## TASK GOAL:
What you write must match, character for character, the lines from the one with "MULTAN | |||" down to the one with "期间,校学生资助管理中心负责" in the listing below, minus its pictures.

## RECORD EXCERPTS:
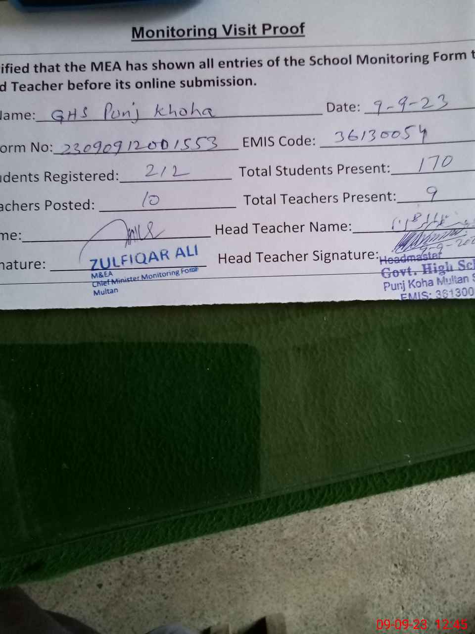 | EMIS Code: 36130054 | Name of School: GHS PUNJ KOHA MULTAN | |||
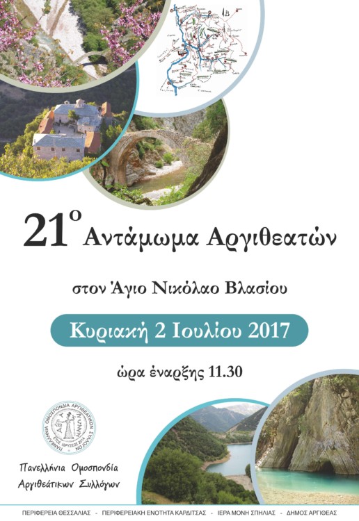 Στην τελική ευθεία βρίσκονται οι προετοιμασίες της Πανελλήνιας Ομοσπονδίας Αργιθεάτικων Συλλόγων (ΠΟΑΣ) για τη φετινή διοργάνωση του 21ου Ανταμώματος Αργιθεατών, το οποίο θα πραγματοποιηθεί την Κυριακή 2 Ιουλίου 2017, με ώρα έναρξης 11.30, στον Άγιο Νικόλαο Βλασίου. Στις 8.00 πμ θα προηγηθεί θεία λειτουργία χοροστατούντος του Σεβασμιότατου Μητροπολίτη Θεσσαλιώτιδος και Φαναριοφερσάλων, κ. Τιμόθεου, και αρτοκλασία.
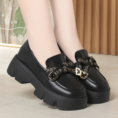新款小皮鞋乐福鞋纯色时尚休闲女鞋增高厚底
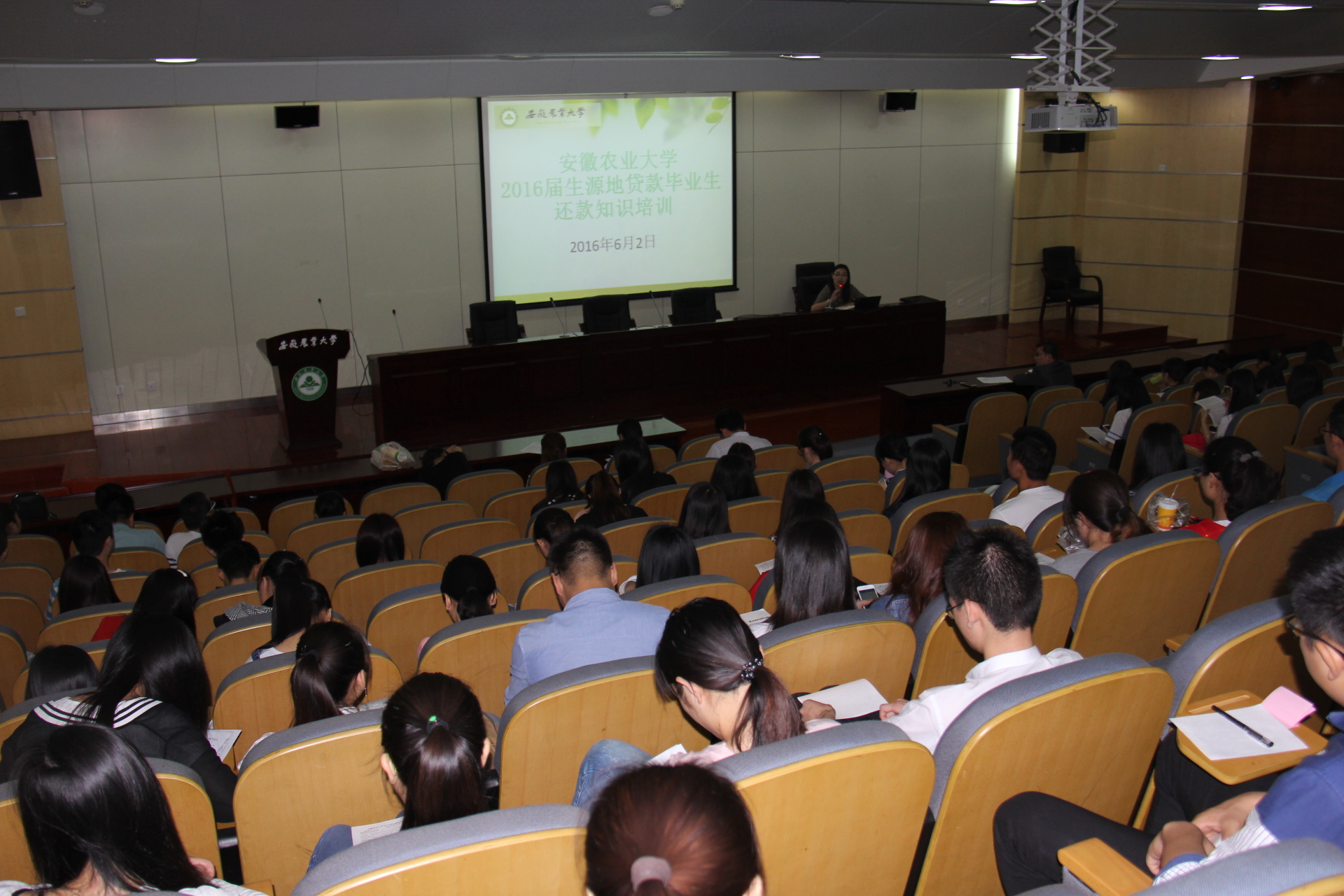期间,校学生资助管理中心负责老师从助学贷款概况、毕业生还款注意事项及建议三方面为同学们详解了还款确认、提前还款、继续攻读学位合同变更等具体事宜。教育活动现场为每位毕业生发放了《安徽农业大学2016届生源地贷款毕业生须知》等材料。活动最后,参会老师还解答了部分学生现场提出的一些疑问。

---

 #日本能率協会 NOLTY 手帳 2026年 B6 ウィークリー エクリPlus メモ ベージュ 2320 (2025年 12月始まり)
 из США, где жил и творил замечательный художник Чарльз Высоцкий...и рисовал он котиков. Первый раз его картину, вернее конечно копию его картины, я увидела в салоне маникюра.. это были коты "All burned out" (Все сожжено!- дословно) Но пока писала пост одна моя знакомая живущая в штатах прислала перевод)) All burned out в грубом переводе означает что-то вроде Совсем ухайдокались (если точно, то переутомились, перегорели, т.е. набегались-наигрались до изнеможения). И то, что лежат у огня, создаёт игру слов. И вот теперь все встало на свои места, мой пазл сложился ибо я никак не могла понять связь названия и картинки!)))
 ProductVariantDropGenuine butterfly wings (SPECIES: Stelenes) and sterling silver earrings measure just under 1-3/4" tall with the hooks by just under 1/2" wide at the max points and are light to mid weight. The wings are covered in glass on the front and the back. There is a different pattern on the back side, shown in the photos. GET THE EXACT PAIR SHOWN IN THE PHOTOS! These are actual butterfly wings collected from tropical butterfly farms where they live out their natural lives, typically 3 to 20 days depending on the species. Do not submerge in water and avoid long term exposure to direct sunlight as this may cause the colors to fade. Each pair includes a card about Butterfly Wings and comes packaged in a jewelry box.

## EXERCISE RESULT:
 | EMIS Code: 36130054 | Name of School: GHS PUNJ KOHA MULTAN | |||
 Στην τελική ευθεία βρίσκονται οι προετοιμασίες της Πανελλήνιας Ομοσπονδίας Αργιθεάτικων Συλλόγων (ΠΟΑΣ) για τη φετινή διοργάνωση του 21ου Ανταμώματος Αργιθεατών, το οποίο θα πραγματοποιηθεί την Κυριακή 2 Ιουλίου 2017, με ώρα έναρξης 11.30, στον Άγιο Νικόλαο Βλασίου. Στις 8.00 πμ θα προηγηθεί θεία λειτουργία χοροστατούντος του Σεβασμιότατου Μητροπολίτη Θεσσαλιώτιδος και Φαναριοφερσάλων, κ. Τιμόθεου, και αρτοκλασία.
新款小皮鞋乐福鞋纯色时尚休闲女鞋增高厚底
期间,校学生资助管理中心负责老师从助学贷款概况、毕业生还款注意事项及建议三方面为同学们详解了还款确认、提前还款、继续攻读学位合同变更等具体事宜。教育活动现场为每位毕业生发放了《安徽农业大学2016届生源地贷款毕业生须知》等材料。活动最后,参会老师还解答了部分学生现场提出的一些疑问。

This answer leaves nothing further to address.